Lateral Entry

Mains Marks Booster     1st August 2023        
Samadhaan

Lateral entry in India involves hiring non-civil servants for high government positions. It adds topic expertise, varied perspectives, and specialized talents to the bureaucracy. 

Present Status:

  • Lateral entrants were recruited in two tranches: eight joint secretaries (JS) in 2019 and 30 officers (3 JS, 18 directors and 9 deputy secretaries) in 2022. 
    • All of them are on three years’ contract, which can be extended for two more years, with pay and perks being the same as their peers in permanent bureaucracy.

Need for lateral entry:

Need for lateral entry:

  • Expertise and Specialized Skills: Lateral entry recruits’ experts with specialised knowledge and skills not widely available in the public service.
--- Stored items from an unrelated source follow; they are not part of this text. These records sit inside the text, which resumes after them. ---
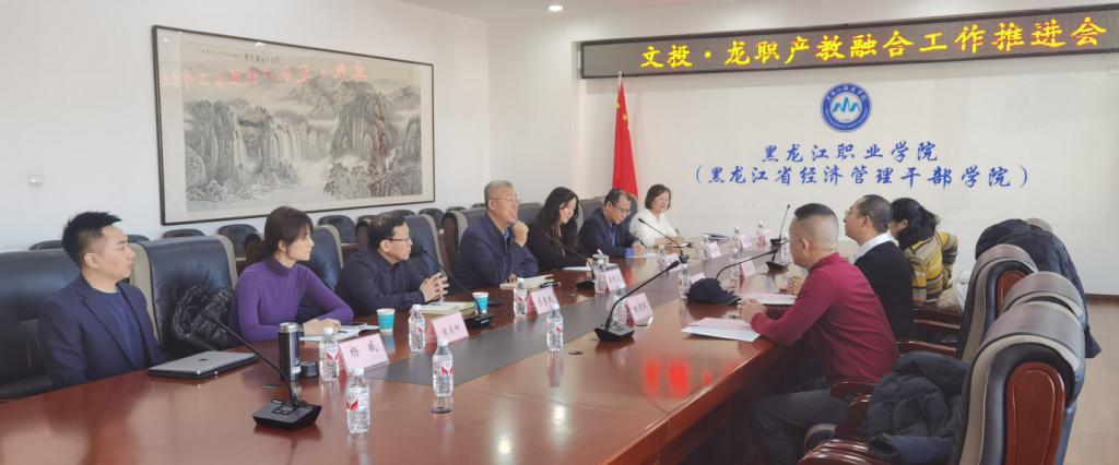 12月8日,文投·龙职产教融合工作推进会议在学校清华楼党委会议室召开。校长王利文、哈尔滨文投集团董事长王钢出席会议。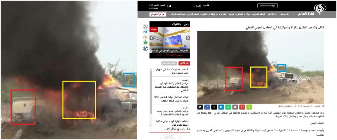 La première, montrant un pickup beige en flammes, a été utilisée pour illustrer un article du média d'information internationale iranien Al-Alam News Network (lien archivé ici). Diffusée en arabe, à destination des pays arabophones, cette chaîne de télévision appartient à l'Etat iranien.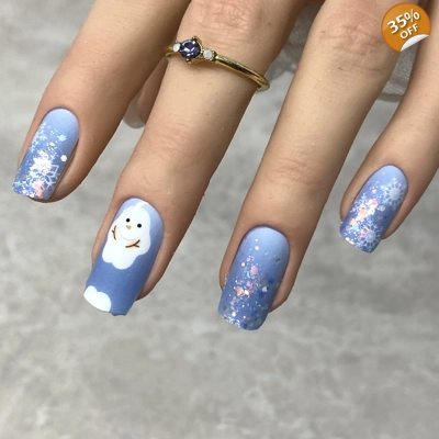 Snolaf features a cute marshmallowy snowman accents on a blue ombre base with white snowflakes and chunky iridescent confetti glitter.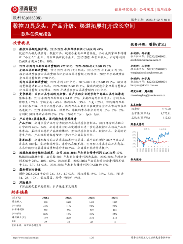 【浙商证券】【20230216】欧科亿深度报告:数控刀具龙头,产品升级、渠道拓展打开成长空间-26页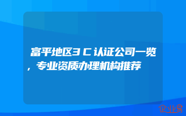 - 富平地区3C认证公司一览,专业资质办理机构推荐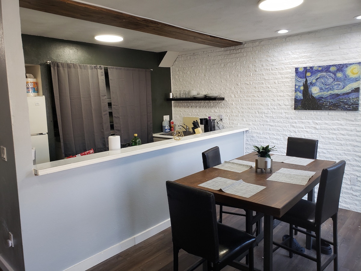 Åpen planløsning. King-suite med arbeidsstasjon. Privat garasje. Inngjerdet bakgård. Hardtop-baldakin på terrassen. Romslig soverom i andre etasje. Dyrevennlig. Kaffe-/tebar. Trådløse dørlåser. Trådløst nettverk tilgjengelig. INGEN FESTER TILLATT. Kjæledyr tillatt med gebyr på $ 0 dollar per kjæledyr.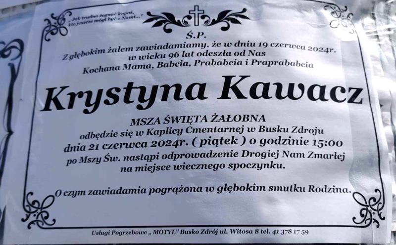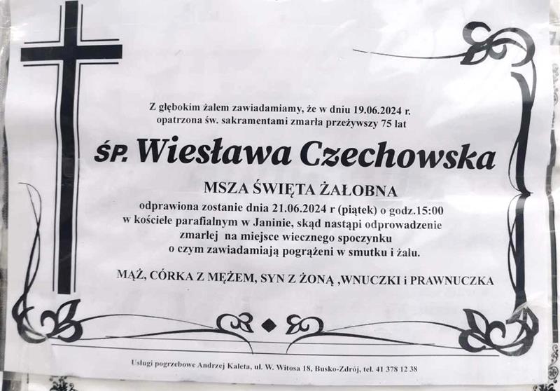 ⬛ NEKROLOGI 2024’25 [ 16 czerwca ÷ 22 czerwca ]: +Waleria Seremak, + Wiesława Czechowska, +Krystyna Kawacz, +Józefa Nieściur, +Bogdan Kozłowski - Internetowy Portal Informacyjny Mieszkańców Miasta i Gminy Busko-Zdrój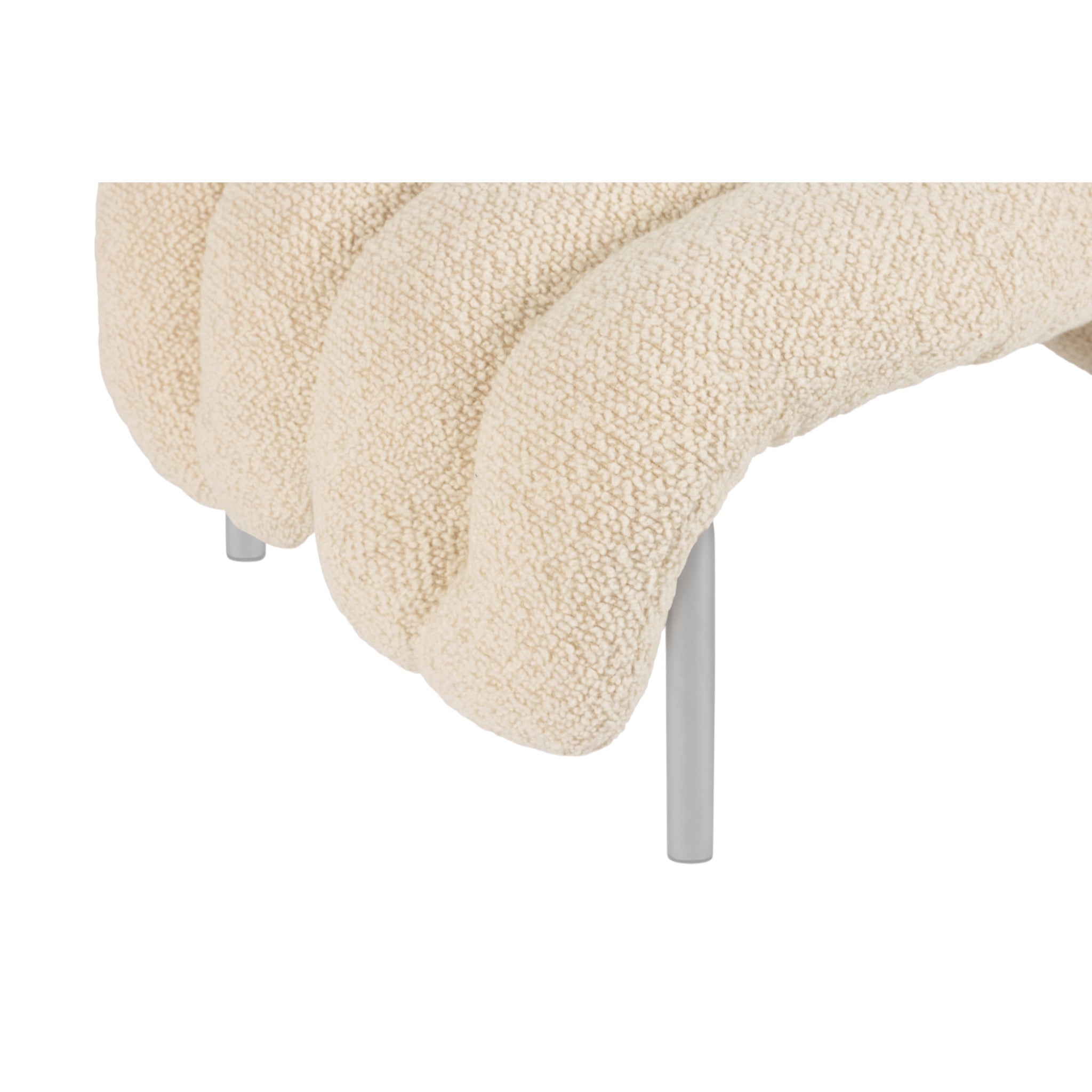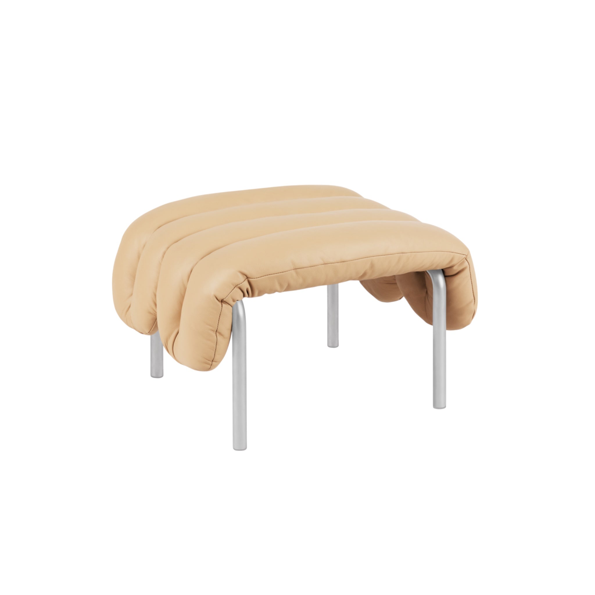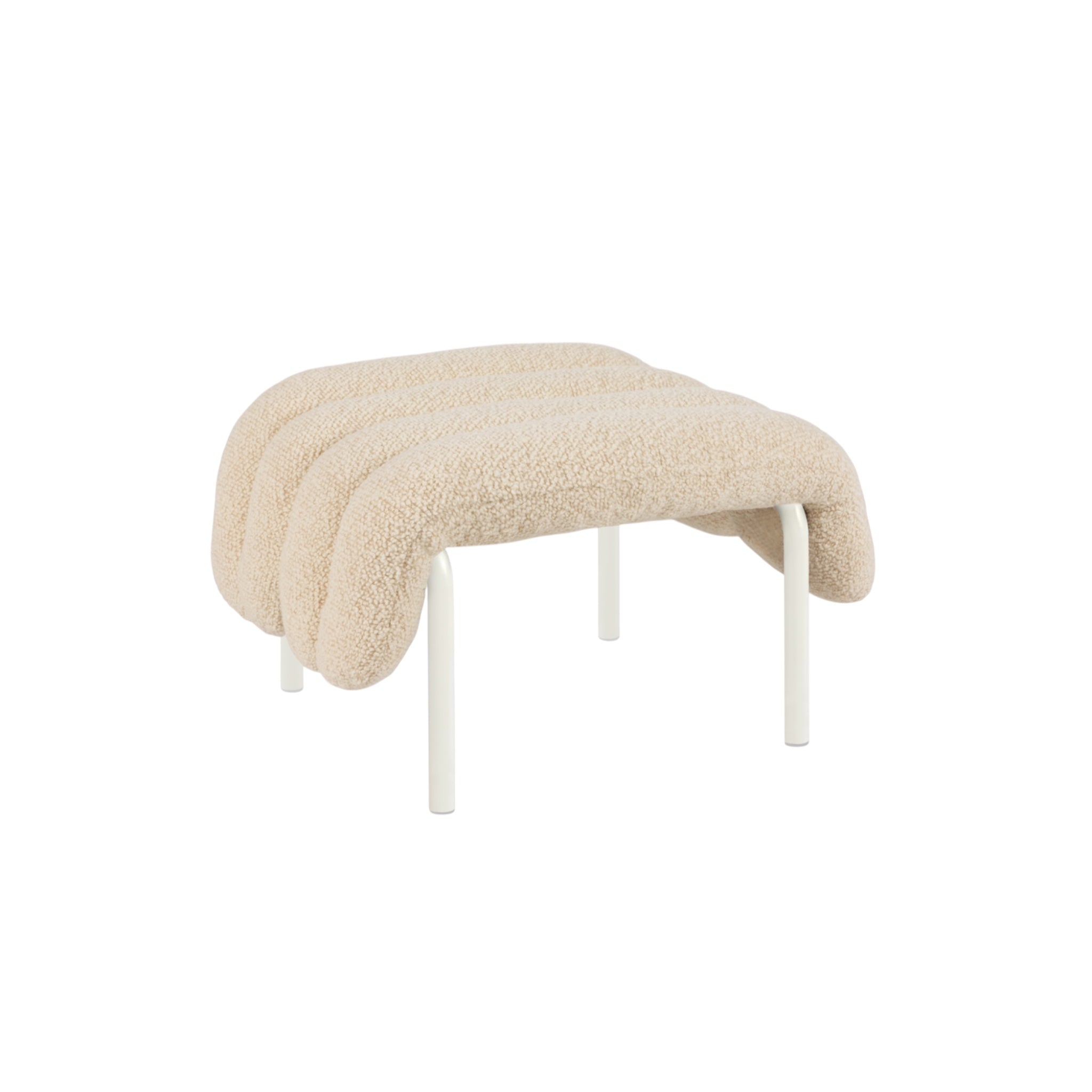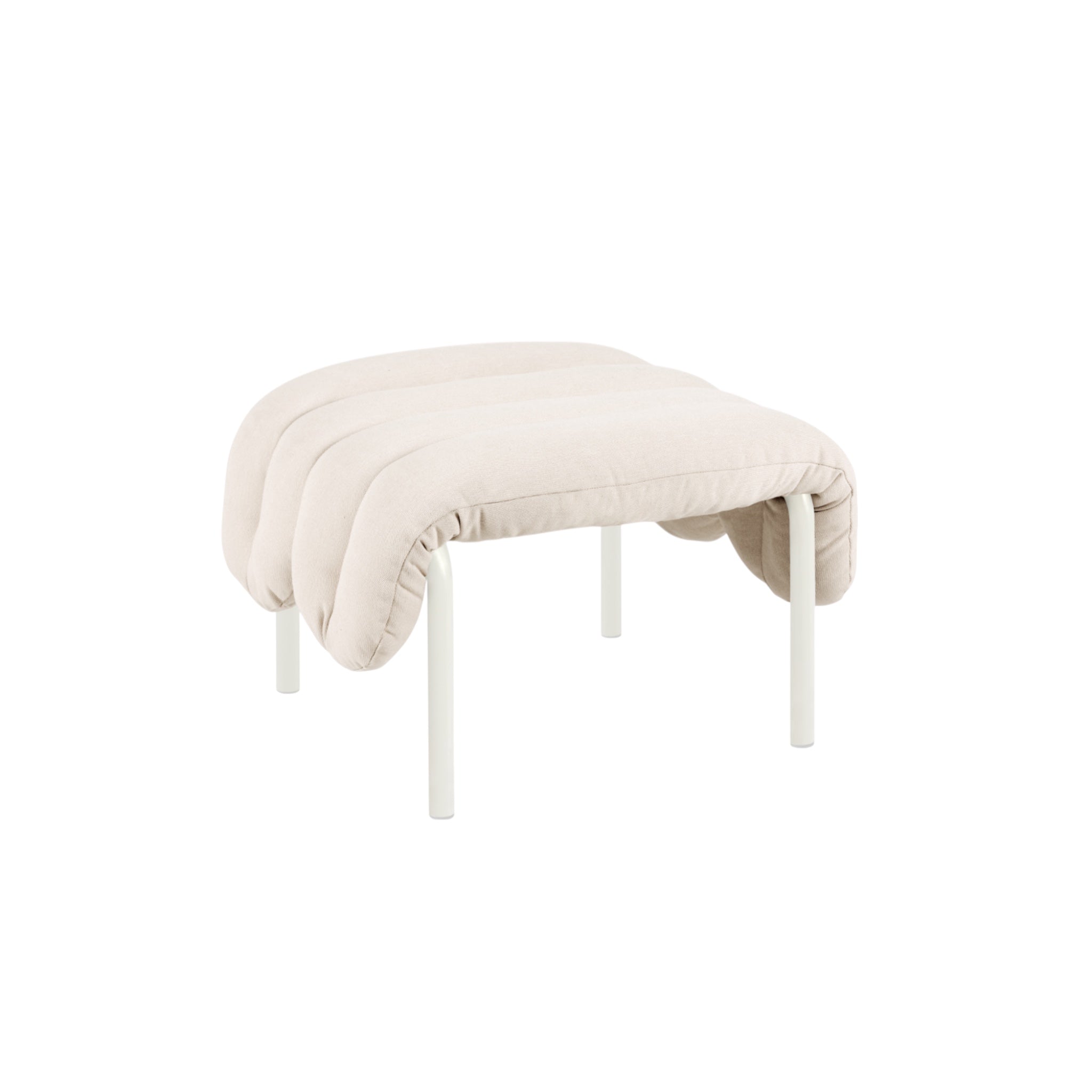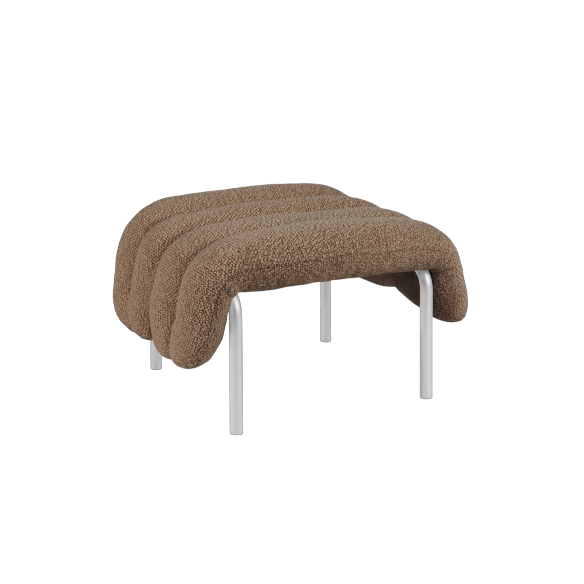 The detachable upholstery of the Puffy Lounge Chair is fat and plump, its generous shape spills freely over the sides of a tubular steel frame which, in stark contrast, is hard-lined and strong. The two key elements of this seating design by Faye Toogood are in purposeful and playful juxtaposition. The elementary frame is inspired by the rational structure of classic modernist design, whilst the extravagant quilt-like upholstery warmly embraces and envelopes, is comforting and reassuring. The Puffy Chair frame is available in powder-coated or sand-blasted steel finishes and a choice of thick canvas, chunky bouclé or luxurious leather upholstery.

This can help the government solve difficult problems and control specialised regions. 
  • Lateral entrants can bring new ideas, perspectives, and problem-solving methods. 
    • Nandan Nilekani, Montek Singh Ahluwalia, Vijay Kelkar, Arvind Subramanian, and Raghuram Rajan are outsiders who run committees and organisations.
  • Efficiency and Effectiveness: Lateral entry can streamline operations, use technology, and bring best practises from other sectors to government.
    • RV Shahi, the Union power secretary from 2002 to 2007, also came from the private sector.
  • Fill the officer vacancy gap: roughly 1,500 IAS officers are needed (Ministry of Personnel Data)—Baswan Committee (2016) recommended lateral entry. 
  • Bridging the Talent Gap

Challenges for Lateral entrants:

  • Difficulty adapting to the hierarchical work culture, which includes how individuals interact, how fast they work, how well they know the regulations, and how punctual they are.
    • Because they won't have a fair shot at top management, current authorities may lose motivation.
  • Short tenure: Given their short tenures of 3 to 5 years, it is difficult to preserve transparency and accountability for private people' judgements.
  • Lack of field experience: Entry-level officers may have domain knowledge but no field experience.
  • Representation of society: Reservations for Lateral Entry recruiting are unknown.
  • Transparency in recruitment: Discretion on lateral entry might be accused of being "politically motivated," undermining the system.
  • May encounter bureaucratic opposition
    • Lack of cooperation: existing officials may be unwilling to collaborate with outsiders, resulting in inevitable confrontations between generalists and specialists.

Arguments against lateral entry:

  • Field Experience: The civil service has more field experience than external talent. 
  • Issue with implementation: Career civil employees are better at connecting policy making and ground level execution than external talent. 
  • History of Failures: Even domain specialists fail sometimes. Example: Air India. 
  • Non-conducive atmosphere: The enabling atmosphere has a huge impact on efficiency, and even the finest managers can't create outcomes in a lousy operating environment like red tape.
  • Motivated interest: People have varied interests and motives. Thus, short-term lateral entry of officials can lead to unethical practises.
  • Internal conflict: A large-scale lateral induction will result in a vote of no confidence in the government personnel management system.
  • Undermines civil servants' role: Civil servants are institutionalised and efficient. They'll be demoralised by lateral entry. 
  • All of the recruits are not joining: Nine joint secretaries were chosen in 2019, eight of whom joined. One director-level inductee did not join the civil aviation ministry in the second round.

Way forward

  • Strengthening the recruitment process: Instead of lateral entry, focus on strengthening the recruitment process. Transparency, efficiency, and merit-based examination of candidates' knowledge, skills, and competencies might improve it.
  • Training and capacity building: Instead of depending on lateral entry to bring in specific expertise, investing in comprehensive training and capacity-building programmes can help existing civil servants expand their skills and knowledge. 
  • Facilitating internal mobility and career progression: Job rotations, secondments, and cross-training allow this. 
    • A career advancement framework with clear promotion standards might also encourage civil servants to specialise in their specialties.
  • Collaboration and partnerships: Instead of relying entirely on the civil service's experience, external organisations can bring in specialised knowledge and skills. 
  • Leveraging technology and innovation: Technology and innovation can boost civil service efficiency. 
    • Digital transformation, data analytics, automation, and artificial intelligence can improve service delivery, expedite operations, and boost public servants' skills.

Conclusion

  • While there are challenges associated with lateral entry, a well-designed and carefully implemented approach can harness the potential benefits and contribute to more effective governance and public service delivery in India.